The intensity ( I ) of a sound is quantitatively different than how sound is perceived by the ear. The perception of sound is referred to as ” loudness “. When a sound’s intensity increases by 10 decibels ( B ), the ear perceives this increase as a ” doubling ” in loudness. Logarithmic mathematics is used to relate these two phenomena to one another.
Intensity ( I ) of sound is defined as power per unit area ( P / A ). Power ( P ) is expressed in Joules ( J ) per second ( s ) in units referred to as Watts ( W ), and area ( A ) is expressed in square meters ( m^2 ). The threshold of human hearing is quantified as an intensity ( I ) having a magnitude of 1.0 * 10^-12 W / m^2. If this threshold intensity ( I ) increased tenfold, it would have a value of 1.0 * 10^-11 W / m^2.
It is easier to express this tenfold increase by using the threshold of sound as a reference to which higher values are compared. This is accomplished by setting the intensities of sound ( I ) into ratios with the threshold of sound in the denominator and relative values in the numerator.

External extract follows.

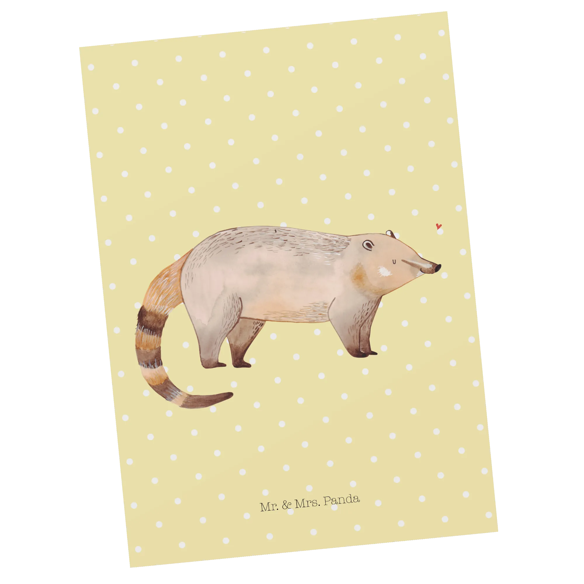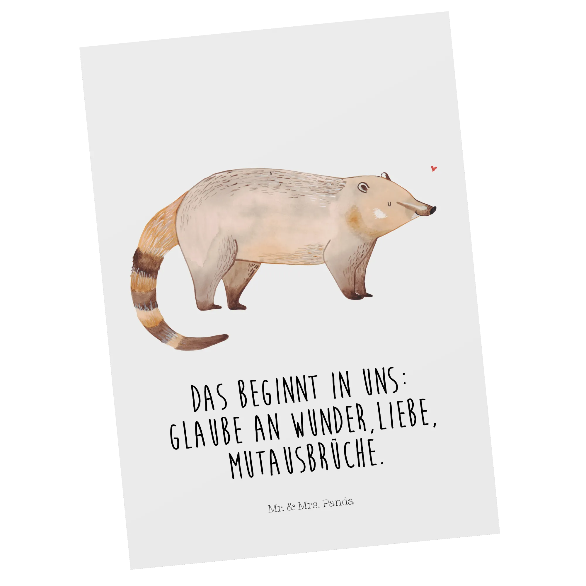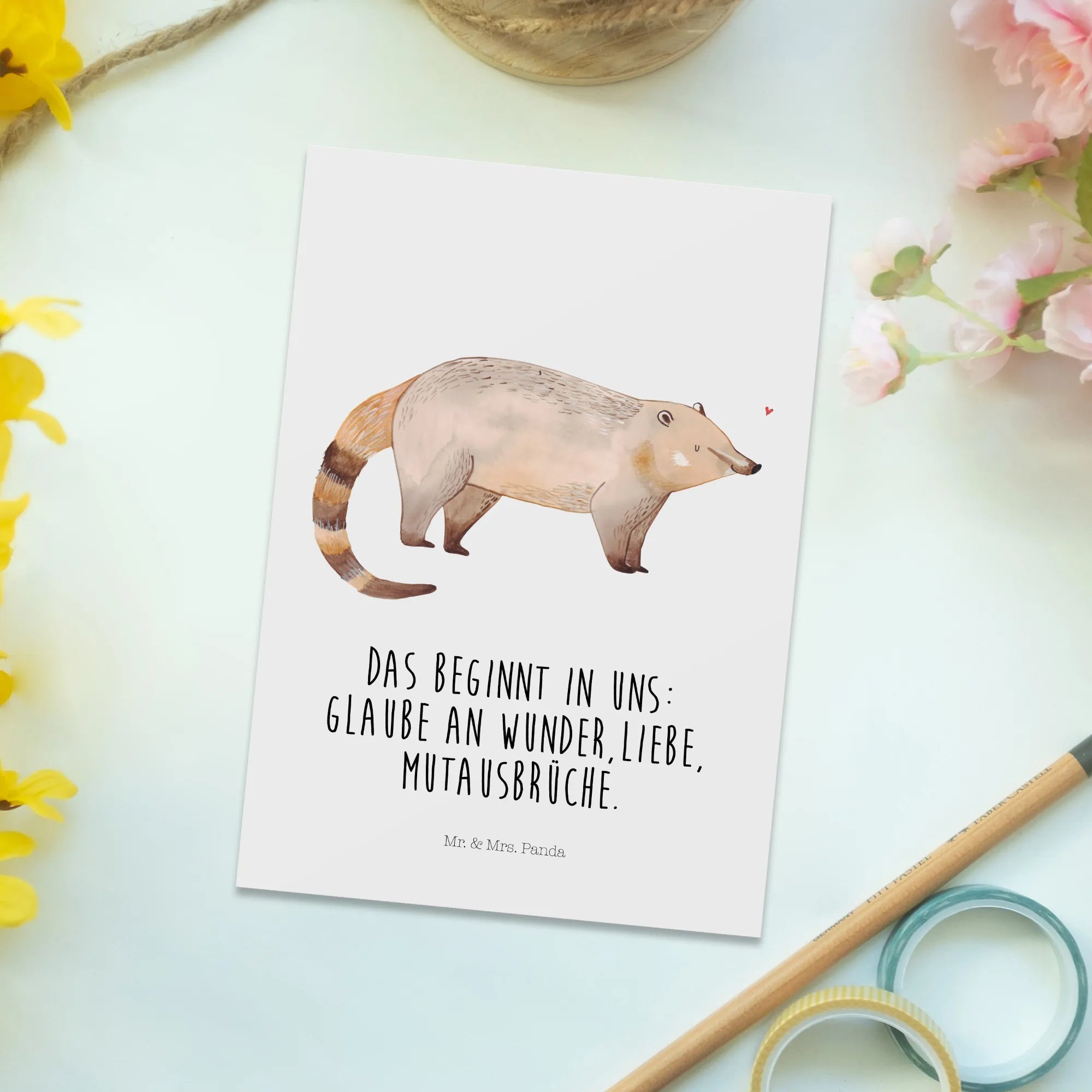 Glaube an Wunder und versende Freude mit der Nasenbär Postkarte von Mr. & Mrs. Panda! Egal welches Event ansteht, du wirst immer den richtigen Grund finden, um diese wunderschöne Grußkarte zu verwenden und Liebe sowie Glück zu verbreiten. Hol sie dir jetzt und bring Farbe und Freude in deinen Briefkasten, deine Einladung oder deine Dankeskarte!

If the logarithm of such a ratio is determined, the result is a number that lets us know how many factors of ten the threshold of sound has increased. For example, the log ( I / Io ), where Io = threshold of sound in 1.0 * 10^-12 W / m^2, and I = 1.0 * 10^-11 W / m^2 gives us log ( ( 1.0 * 10^-11 W / m^2 ) / ( 10 * 10^-12 W / m^2 ) ) = log ( 1.0 * 10^-11 W / m^2 ) – log ( 1.0 * 10^-12 W / m^2 ) = -11 – ( – 12 ) = 1.

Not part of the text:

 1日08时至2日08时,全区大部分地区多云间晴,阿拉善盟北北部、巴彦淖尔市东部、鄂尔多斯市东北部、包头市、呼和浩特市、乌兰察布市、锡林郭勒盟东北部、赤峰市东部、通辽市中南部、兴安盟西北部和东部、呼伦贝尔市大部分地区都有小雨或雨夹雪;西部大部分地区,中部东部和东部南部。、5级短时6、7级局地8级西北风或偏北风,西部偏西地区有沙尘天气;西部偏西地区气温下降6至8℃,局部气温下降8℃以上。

The number above is referred to as 1 Bel. Converting Bels to decibels ( B ), we use a conversion fraction which states that 1 Bel = 10 dB. Therefore, ( 1 Bel )( 10 dB / 1 Bel ) = 10 dB. THE SAME RESULT IS OBTAINED BY SIMPLY MULTIPLYING log ( I / Io ) by 10. Thus, the previous derivation of log ( I / Io ), where I = 1.0 * 10^-11 W / m^2, and the threshold of sound ( Io ) = 1.0 * 10^-12 W / m^2 in decibels ( B ) = 10 log ( I / Io ) = 10 dB. This notation clearly denotes that an intensity ( I ) of 1.0 * 10^-11 W / m^2 is one factor of 10 larger than the threshold of hearing ( Io ) = 1.0 * 10^-12. The value for the threshold of hearing need not be the reference point, however. The important thing to know is that EVERY 10 DECIBEL CHANGE FROM SOME REFERENCE POINT IS RELATED TO A SOUND THAT IS INTERPRETED BY THE EAR AS HAVING ” DOUBLED “.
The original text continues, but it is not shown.